## Problem statement
Reproduce exactly, and solely, the lines running from the top of the data below through the line with "Talaado, Maarso, 02, 2021", both inclusive. Omit pictures.
[Given records]
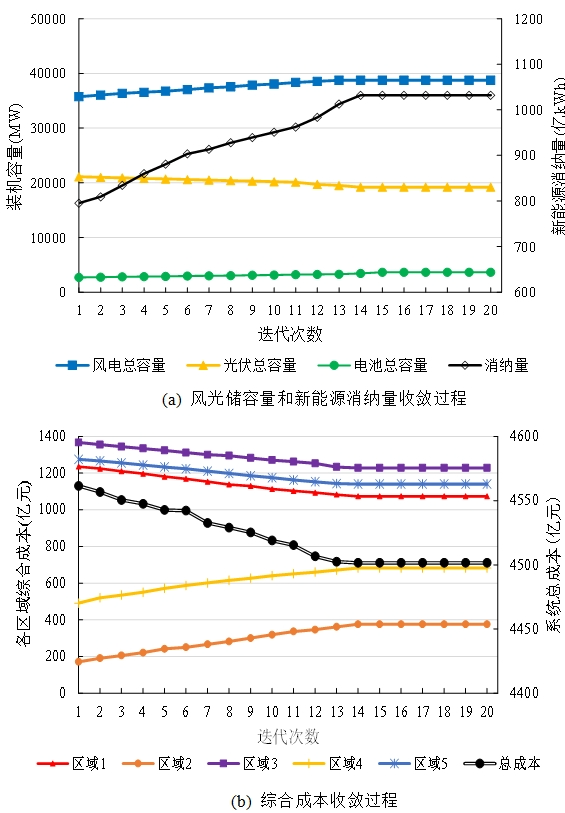 (2) 所提求解方法的收斂性分析。在求解優(yōu)化問題時,判斷一個求解方法能否得到最優(yōu)解的依據(jù)之一是其計(jì)算結(jié)果可收斂。為了驗(yàn)證文中所采用的基于區(qū)域分解協(xié)調(diào)的求解算法可以收斂到全局最優(yōu)解,對分解協(xié)調(diào)算法求解模型時的收斂過程進(jìn)行分析,圖4為迭代過程中規(guī)劃結(jié)果收斂曲線。
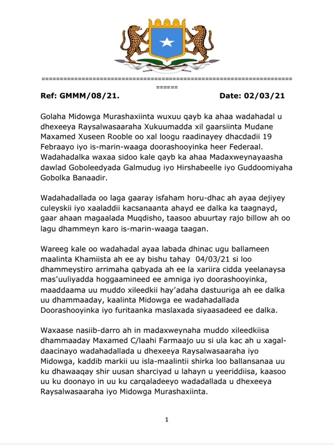 Talaado, Maarso, 02, 2021 (HOL) - Golaha midowga musharrixiinta madaxweynaha Soomaaliya ayaa ku eedeeyay madaxweynaha muddo xilleedkiisu dhamaaday ee Farmaajo inuu fashilinayo wadahalada u socda iyaga iyo raysal wasaaraha Soomaaliya, Maxamed Xuseen Rooble.
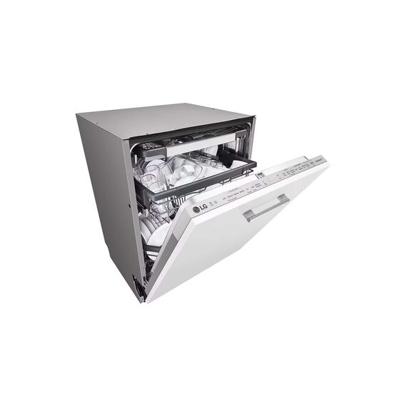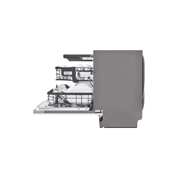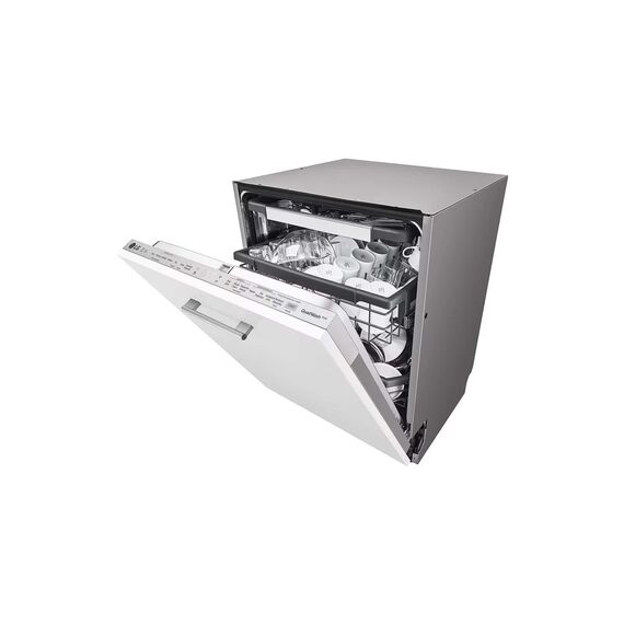 LG DBC425TS Built-In Dishwasher – 14 Place Settings, QuadWash™, TrueSteam™, EasyRack™ Plus, Inverter Direct Drive, ThinQ™ Wi-Fi هي غسالة صحون مدمجة فاخرة مصممة لتوفير تنظيف قوي، وأداء هادئ، وراحة ذكية في مطبخك. تتميز بسعة كبيرة تستوعب 14 مكانًا، مما يجعلها مثالية للعائلات والمناسبات. مزودة بتقنية QuadWash™ التي تستخدم أربعة أذرع رش متعددة الاتجاهات بدلاً من اثنين لضمان تنظيف الأطباق من جميع الزوايا، إضافة إلى وظيفة TrueSteam™ التي تطلق بخارًا عالي الحرارة لإزالة بقايا الطعام العالقة وتقليل بقع الماء على الأكواب الزجاجية. يعمل محرك Inverter Direct Drive بكفاءة عالية مع متانة طويلة الأمد وتشغيل هادئ بمستوى ضوضاء منخفض يصل إلى 44 ديسيبل ليحافظ على هدوء المطبخ. يتيح نظام EasyRack™ Plus مرونة كبيرة في ترتيب الأرفف القابلة لتعديل الارتفاع والأسنان القابلة للطي لاستيعاب الأواني والمقالي والأطباق بمختلف الأحجام. كما توفر تقنية ThinQ™ Wi-Fi إمكانية مراقبة الغسالة والتحكم بدورات الغسيل عن بُعد عبر الهاتف الذكي، مع استقبال تنبيهات الصيانة والاستفادة من ميزة Smart Diagnosis™ لحل المشكلات بسرعة. تشمل الميزات الإضافية الغسيل ثنائي المنطقة، بدء التشغيل المؤجل من 1 إلى 12 ساعة، والبرامج المتعددة مثل التلقائي، الاقتصادي، البخار، والمكثف. وتأتي الغسالة بتصميم أنيق من الفولاذ المقاوم للصدأ باللون الغرافيت الداكن ولوحة تحكم علوية مع مؤشرات LED، مما يجعلها تندمج بانسيابية مع أي مطبخ عصري مع توفير وظائف عالية الجودة.
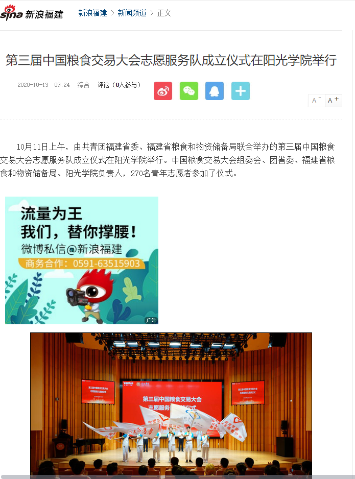 10月11日上午,由共青团福建省委、福建省粮食和物资储备局联合举办的第三届中国粮食交易大会志愿服务队成立仪式在阳光学院举行。中国粮食交易大会组委会、团省委、福建省粮食和物资储备局、阳光学院负责人,270名青年志愿者参加了仪式。
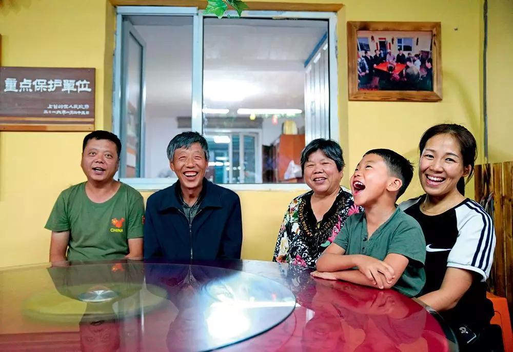 ▲ 林业职工刘养顺(左二)一家在家中合影 王松摄
[/Given records]
## Answer area
 (2) 所提求解方法的收斂性分析。在求解優(yōu)化問題時,判斷一個求解方法能否得到最優(yōu)解的依據(jù)之一是其計(jì)算結(jié)果可收斂。為了驗(yàn)證文中所采用的基于區(qū)域分解協(xié)調(diào)的求解算法可以收斂到全局最優(yōu)解,對分解協(xié)調(diào)算法求解模型時的收斂過程進(jìn)行分析,圖4為迭代過程中規(guī)劃結(jié)果收斂曲線。
 Talaado, Maarso, 02, 2021 (HOL) - Golaha midowga musharrixiinta madaxweynaha Soomaaliya ayaa ku eedeeyay madaxweynaha muddo xilleedkiisu dhamaaday ee Farmaajo inuu fashilinayo wadahalada u socda iyaga iyo raysal wasaaraha Soomaaliya, Maxamed Xuseen Rooble.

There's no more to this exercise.